In the 17th century Antoine Lavoisier and his wife Marie Anne conducted a number of experiments that proved matter can neither be created nor destroyed and that nature is essentially a closed system.
The Lavoisiers' research was among the first quantitative chemistry experiments. They carefully weighed the materials or reactants they started with and the end products in chemical reactions. They showed that, while matter changes its state in a chemical reaction, the total mass of matter is the same at the end as at the beginning of each chemical change. These experiments supported the law of conservation of mass, which Lavoisier was the first to state clearly,
The natural extrapolation of the Law of Conservation of Mass is that nature is a closed system. In essence this means that all the elements we rely on to support life on the planet are here and have been here since the Big Bang. There isn't any more being shipped to the planet - with the exception of the odd meteor or UFO that crashes here.
In order for life to continue, each cycle must remain in motion. Once a living thing has finished using a nutrient and either excretes it or drops dead, the nutrient must cycle back for some other living thing to use it.
About 95% of the total mass of all living things are made up of these six elements: hydrogen, oxygen, carbon, nitrogen, phosphorus and sulfur. The nutrient cycles work to keep these elements in circulation. A cool way to look at it is that you are borrowing the molecules that make up your body.
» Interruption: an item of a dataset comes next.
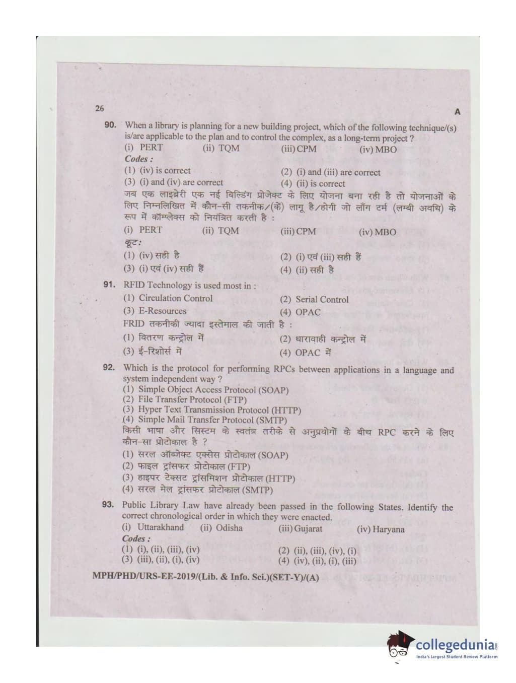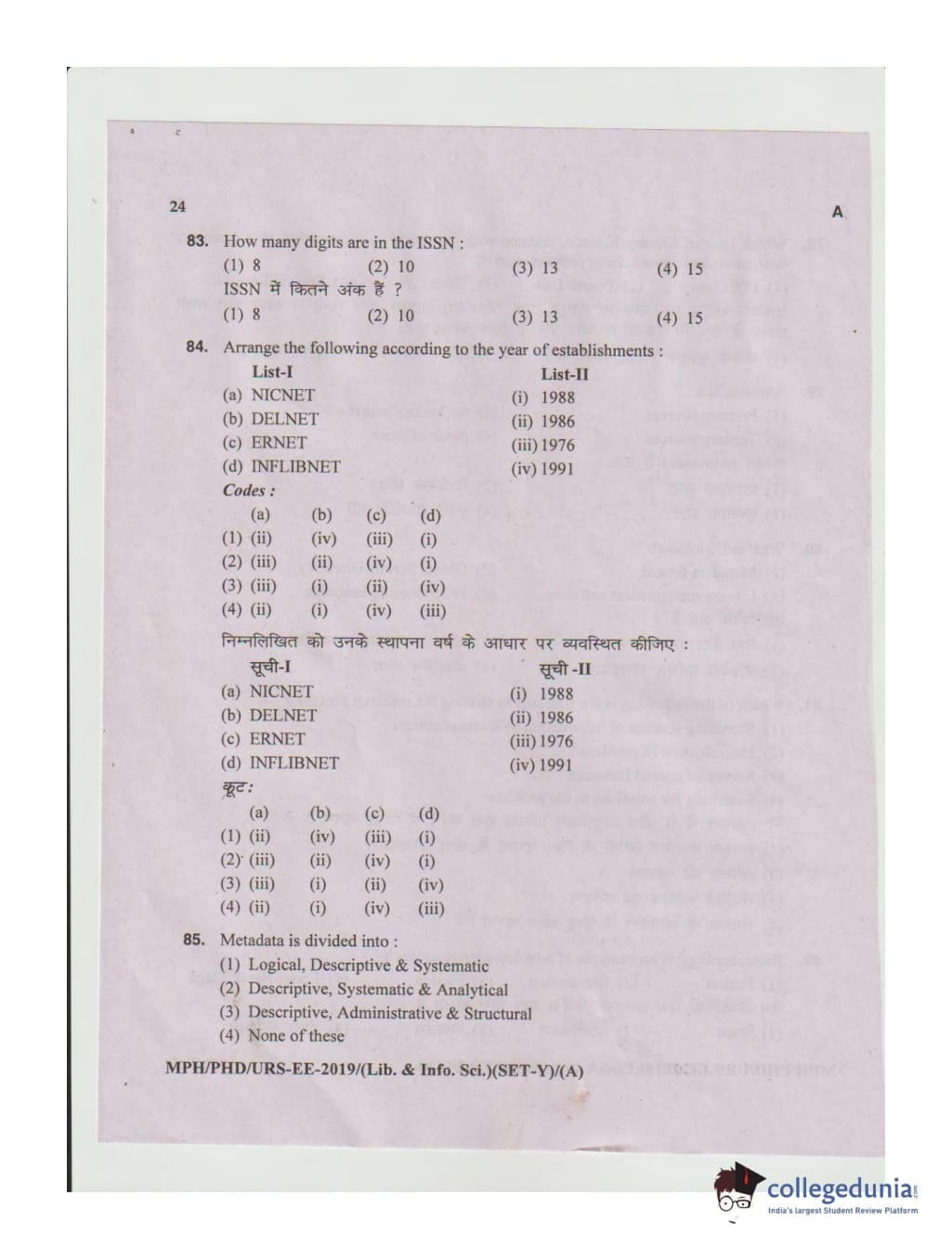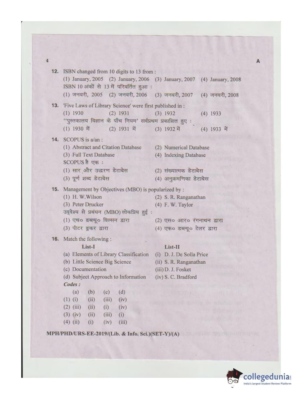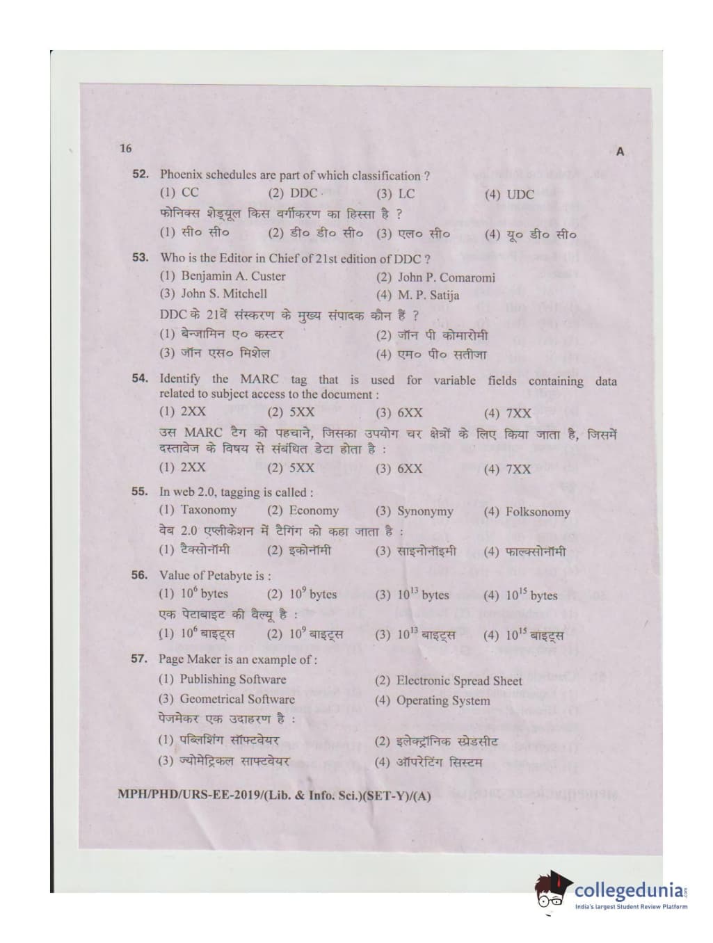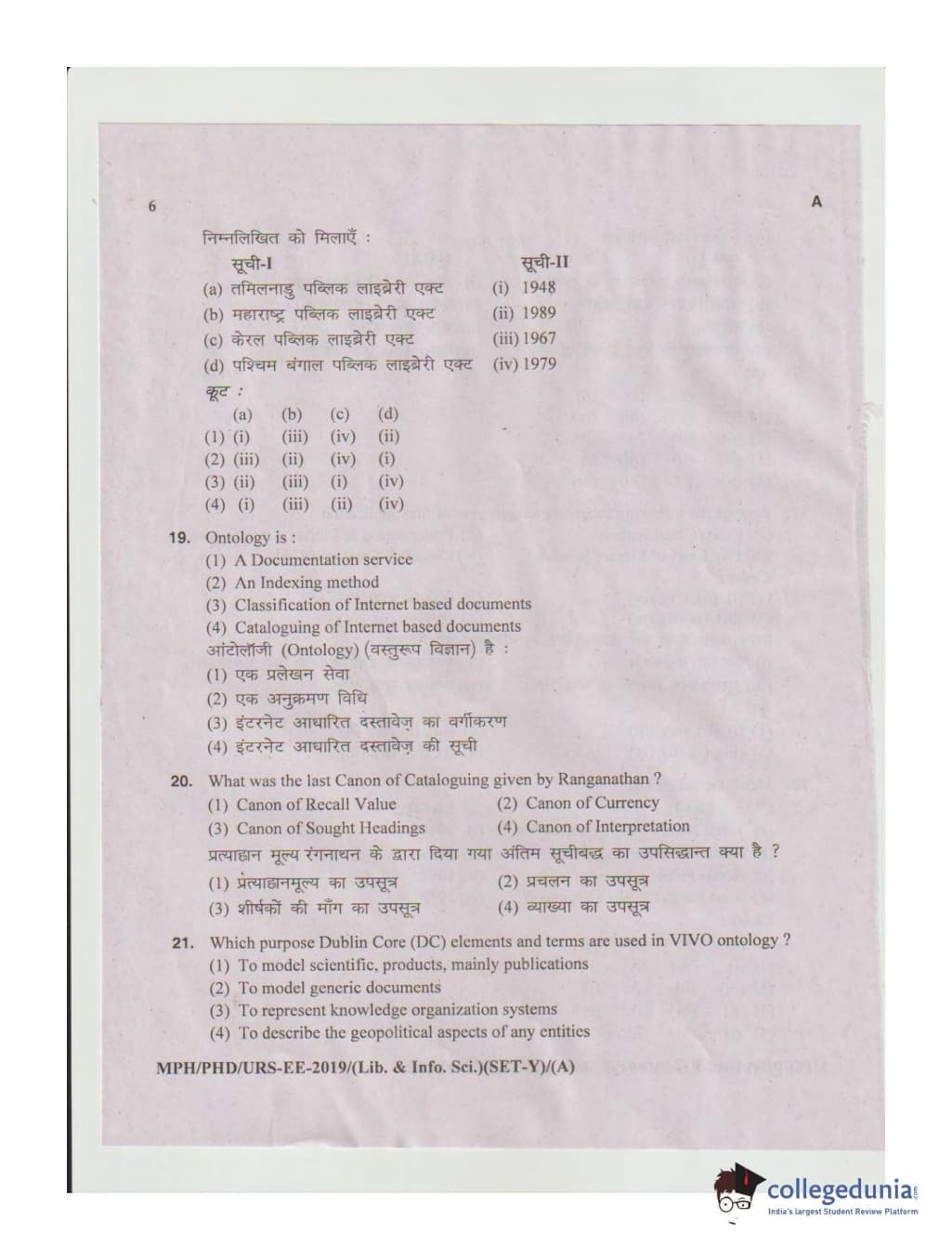 MDUCEE 2019 Ph.D./M.Phil./URS Library and Information Sciences Set A Question Paper with Answer Key PDFs

When you're done you have to give them back.
The water cycle is mostly responsible for the movement of hydrogen and oxygen. Each of the other four elements have their own cycle: the carbon cycle, the sulfur cycle, the phosphorus cycle and the nitrogen cycle. Each cycle has a complex variety of pathways it can take to keep the nutrient moving through the system.
Each biogeochemical cycle is of course very important, but for us, as gardeners and composters, the Nitrogen cycle and Phosphorus cycle are the most critical. This is because the most common limiting factors for growth are inadequate nitrogen in a plant usable form, and inaccessible phosphorus.
If you look at the way we've been throwing things out in recent years you can see that we are interrupting the nutrient cycles. We throw garbage, which is naturally full of molecules, into plastic bags and then bury the bags in sanitary landfills. This takes those molecules out of the nutrient cycle indefinitely.
Composting as much as possible keeps those important nutrients in circulation. It serves to enhance the nutrient or biogeochemical cycle rather than starving it. Yet another reason to compost from the big picture viewpoint.